The central issue, Fortino feels, is the city's liberality in handing out permits to build hotels in boroughs other than Manhattan, especially Queens. "The city has been handing out hotel permits like candy bars, and the Department of City Planning wants to put on the brakes," Fortino said. This, in the eyes of many, is not an unreasonable stand: one concerned member of Community Board 1, within the boundaries of which the Dutch Kills neighborhood lies, pointed out that a hotel with more than 870 rooms, but only 51 parking spaces, is to be built in the area.

Located directly north of the Queensboro Bridge and the Special Long Island City mixed-use district, the rezoning area encompasses 40 blocks located north of Queens Plaza and west of Sunnyside Yards, generally bounded by 36th Avenue on the north, Northern Boulevard on the east, 41st Avenue on the south, and 23rd Street on the west.

According to DCP, Dutch Kills is a mixed-use residential, commercial and light industrial community with approximately half of all zoning lots in the rezoning area being residential and mixed-use and about one-third being in light industrial, wholesale, warehouse or parking use.

Current residential uses are mostly one- and two-family homes located in the middle of blocks while multi-family walkup buildings of up to five stories are dispersed along the avenues. Some light industrial uses also occupy one- and twostory light manufacturing buildings among the residences.

M1-3D zoning currently exists in 36 blocks of Dutch Kills. That zoning was established in 1989 to legalize pre-existing residences in a manufacturing zone. However, the M1-3D severely limits new residential developments or enlargements.

Current M1-3D zoning also permits commercial and light manufacturing uses at densities three times greater than residential uses are allowed and has no fixed height limit.
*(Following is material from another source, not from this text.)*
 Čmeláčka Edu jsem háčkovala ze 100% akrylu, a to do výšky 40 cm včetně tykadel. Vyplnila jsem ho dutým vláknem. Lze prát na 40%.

The rezoning would limit heights to 33 and 40 feet in low-rise areas, with height limits of 70 feet permitted where multifamily buildings already exist. Along portions of Northern Blvd. new housing would be allowed up to 125 feet.
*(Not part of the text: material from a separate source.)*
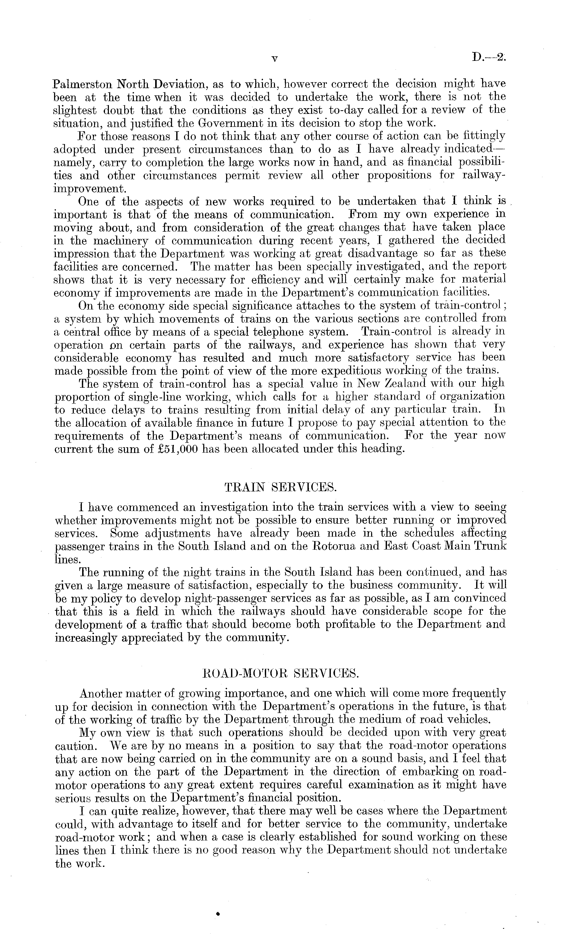 Palmerston. North. Deviation, as to which, however correct the decision might have been at the time when it was decided to undertake the work, there is not the slightest doubt that the conditions as they exist to-day called for a review of the situation, and justified the Government in its decision to stop the work. For those reasons I do not think that any other course of action can be fittingly adopted under present circumstances than to do as I have already indicated — namely, carry to completion the large works now in hand, and as financial possibilities and other circumstances permit review all other propositions for railwayimprovement. One of the aspects of new works required to be undertaken that I think is important is that of the means of communication. From my own experience in moving about, and from consideration of the great changes that have taken place in the machinery of communication during recent years, I gathered the decided impression that the Department was working at great disadvantage so far as these facilities are concerned. The matter has been specially investigated, and the report shows that it is very necessary for efficiency and will certainly make for material economy if improvements are made in the Department's communication facilities. On the economy side special significance attaches to the system of train-control; a system by which movements of trains on the various sections are controlled from a central office by means of a special telephone system. Train-control is already in operation on certain parts of the railways, and experience has shown that very considerable economy has resulted and much more satisfactory service has been made possible from the point of view of the more expeditious working of the trains. The system of train-control has a special value in New Zealand with our high proportion of single-line working, which calls for a higher standard of organization to reduce delays to trains resulting from initial delay of any particular train. In the allocation of available finance in future I propose to pay special attention to the requirements of the Department's means of communication. For the year now current the sum of £51,000 has been allocated under this heading. TRAIN SERVICES. I have commenced an investigation into the train services with a view to seeing whether improvements might not be possible to ensure better running or improved services. Some adjustments have already been made in the schedules affecting passenger trains in the South Island and on the Rotorua and East Coast Main Trunk lines. The running of the night trains in the South Island has been continued, and has given a large measure of satisfaction, especially to the business community. It will be my policy to develop night-passenger services as far as possible, as I am convinced that this is a field in which the railways should have considerable scope for the development of a traffic that should become both profitable to the Department and increasingly appreciated by the community. ROAD-MOTOR SERVICES. Another matter of growing importance, and one which will come more frequently up for decision in connection with the Department's operations in the future, is that of the working of traffic by the Department through the medium of road vehicles. My own view is that such operations should be decided upon with very great caution. We are by no means in a position to say that the road-motor operations that are now being carried on in the community are on a sound basis, and I feel that any action on the part of the Department in the direction of embarking on roadmotor operations to any great extent requires careful examination as it might have serious results on the Department's financial position. I can quite realize, however, that there may well be cases where the Department could, with advantage to itself and for better service to the community, undertake road-motor work; and when a case is clearly established for sound working on these lines then I think there is no good reason why the Department should not undertake the work.

Because the rezoning would remove current restrictions on residential development and conversions, more than 1,500 housing units, of which about 190 would be affordable, are projected to be developed over a 10-year period if it is approved.

"The people pushing for this rezoning said. "Well, so do we. Businesses aren't putting up buildings next to homes. No business owner would want to build a big structure in this area. These are narrow streets. You can't get trucks down them very easily. There are better places to expand in."

Fortino added that building owners in the area under consideration have already received "E" designations for their properties, which means the FAR (Floor Area Ratio, or ratio of building to lot size) can be cut in half. While, as Fortino said, no business owner in the area of Dutch Kills set for rezoning wants to put up huge buildings, neither do they want to see their FAR cut in half, which would mean any building plans would involve applying for a variance. "That's one of the reasons we're not mounting a rezoning campaign," Fortino said. "We don't want to have to seek a variance if we want to make some minor changes to our property."

Not only would decreasing the FAR by more than half, from 5 to 2, place untenable restrictions on business owners, it would also hamper development of those areas which would benefit most from it. "Thirty-first Street from 36th to 37th Avenue is a prime site for commercial development," Fortino said. "Why restrict the possibilities with a FAR that's half what it is now? This 5 FAR will actually protect the residents, not hurt them. With the FAR as it is now, a big commercial building like a hotel can't be plunked down right next to a house. The 2 FAR makes that a possibility."

Especially galling to the business owners is the fact that City Planning has refused to discuss the issue. They smile and say, "We'll be here and you can talk all you want, but that doesn't mean we're going to listen," another person who owns property in the area said. "We were never notified that the area was even being considered for rezoning," Fortino said. "The city isn't obligated to advertise anywhere but in the City Record. Tell me, who reads that? All our comments and suggestions have fallen on deaf ears. We need to know that the city is committed to listening to what we have to suggest."